A class called New Venture Creations is teaching students how to run small businesses serving other students and the community of Ottawa.

Marylou DeWald, division chair of business administration, said the class is required class for the entrepeneurship concentration, otherwise it’s a business elective.

“This particular project is called the the ten dollar business,” she said. “The object is that they are allowed to use ten dollars to start and run a small businesses for eight weeks.”

“It’s as realistic as we can make it but the object is to get them to understand what’s easy and not easy,” DeWald said.

Tyler Curbow, a sophomore business major, started a business called Safe-Ride-Us, which is primarily a designated driver for hire.

“I shuttle people back and forth to Lawrence or anyone else that has been drinking,” he said. “I also do shuttle service to the airport for anyone who’s living on campus who doesn’t have cars.”

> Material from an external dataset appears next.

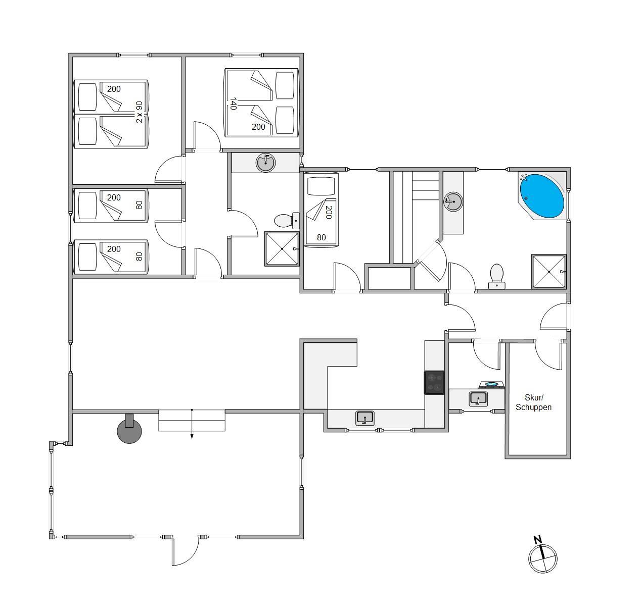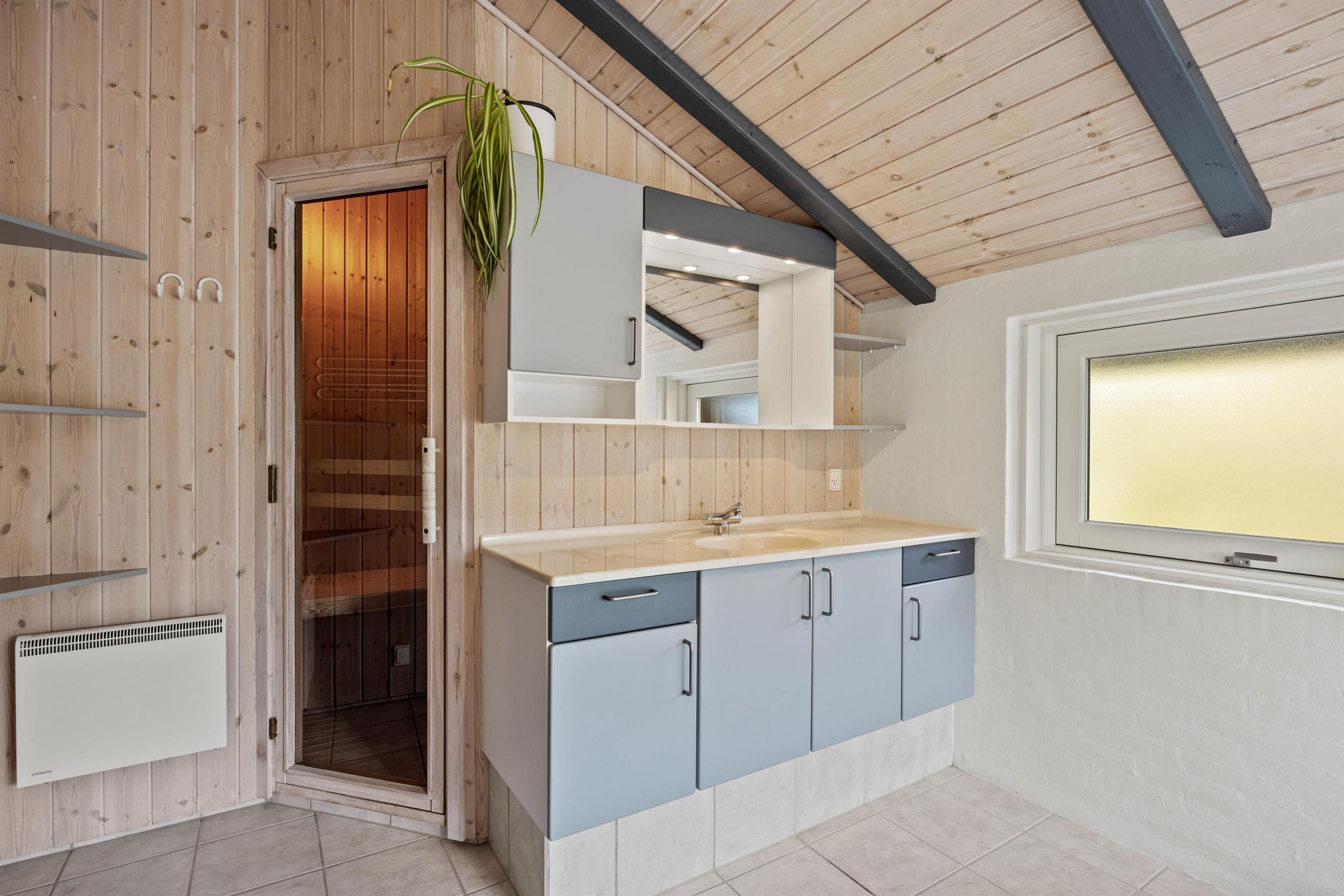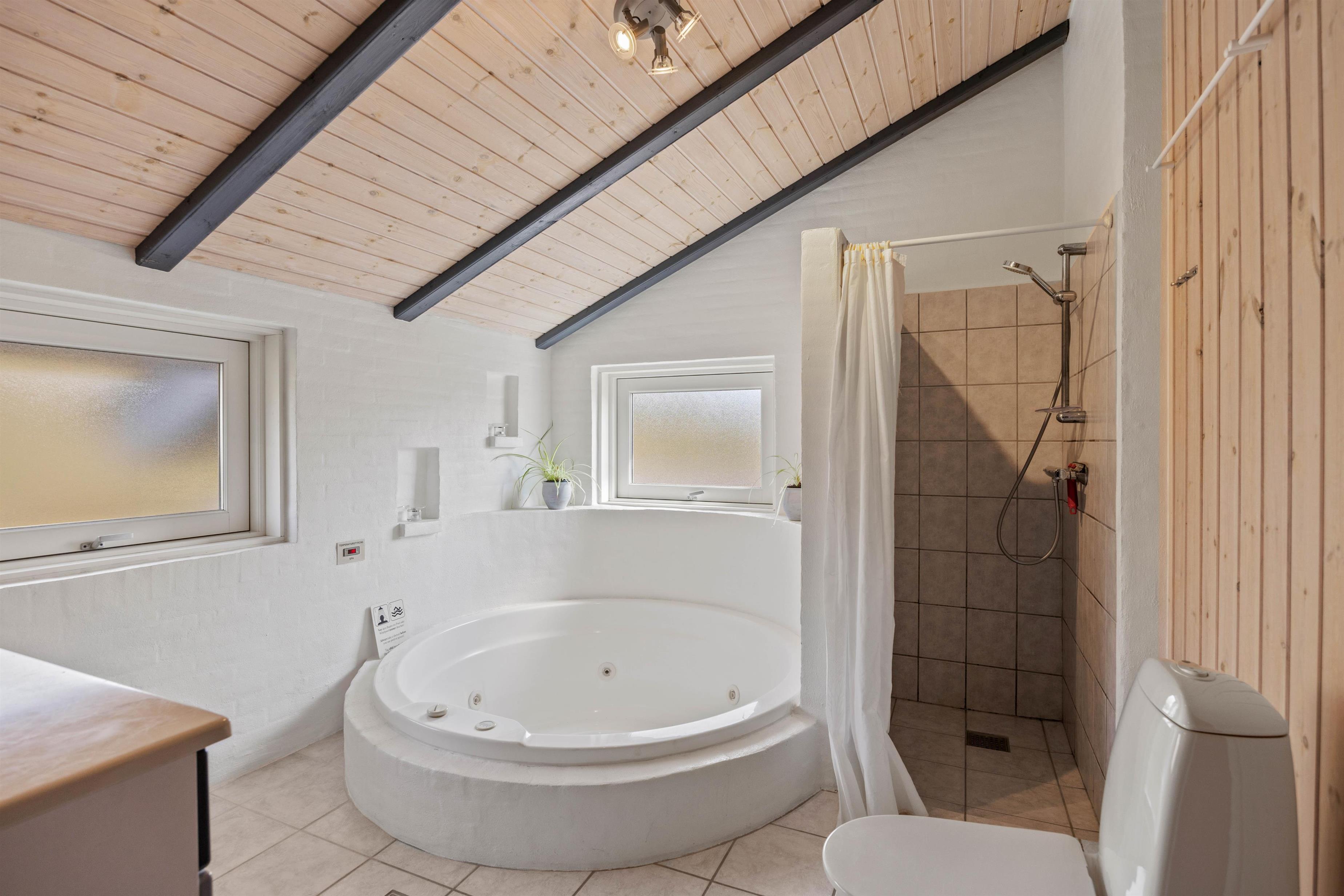 Et af feriehusets højdepunkter er det store badeværelse, hvor I finder et standvandsspa og feriehusets varme sauna. Her kan I sætte jer godt til rette i det varme vand og mærke bobler mod ryggen. Praktisk har feriehuset 2 badeværelser, så I undgår morgenkøen. Her er både vaskemaskine og tørretumbler, og sovepladserne er fordelt på 4 fine værelser.

Curbow said he has learned running a business is difficult, especially when other things like school and soccer are part of the equation.

“Since I am an athlete, I have a hard time working on the weekends when I have games,” he said.

DeWald said the students do this to understand what running a business really means.

“If they make a sale they are able to plow their net profit back into the business,” she said. “It’s not just theory they actually have money at stake.”

DeWald said the first half of the class is prep, followed by eight weeks of running the business, with a wrap-up the last week of class.

“If they didn’t have the ten dollars in the first place they can borrow it from the ‘bank’,” she said. “So that has to be repayed at the end with interest.”

DeWald said the class is on a rotation every other year.

“If the demand’s there we’ll offer it every year,” she said, “but so far the demand’s not there.”?

Meghan Warhurst, a senior business major, started a business called “Commendable Cleaning.”

“I clean people’s houses off campus, Ottawa residents,” she said. “It’s not easy to start a business in a small town. I don’t have any sales yet.”

Curbow said that he would recommend the class to anyone who has an interest in business.

“It’s a hands on way of learning basic principles that you learn in business class,” he said. “You really get to learn to put them into practice.”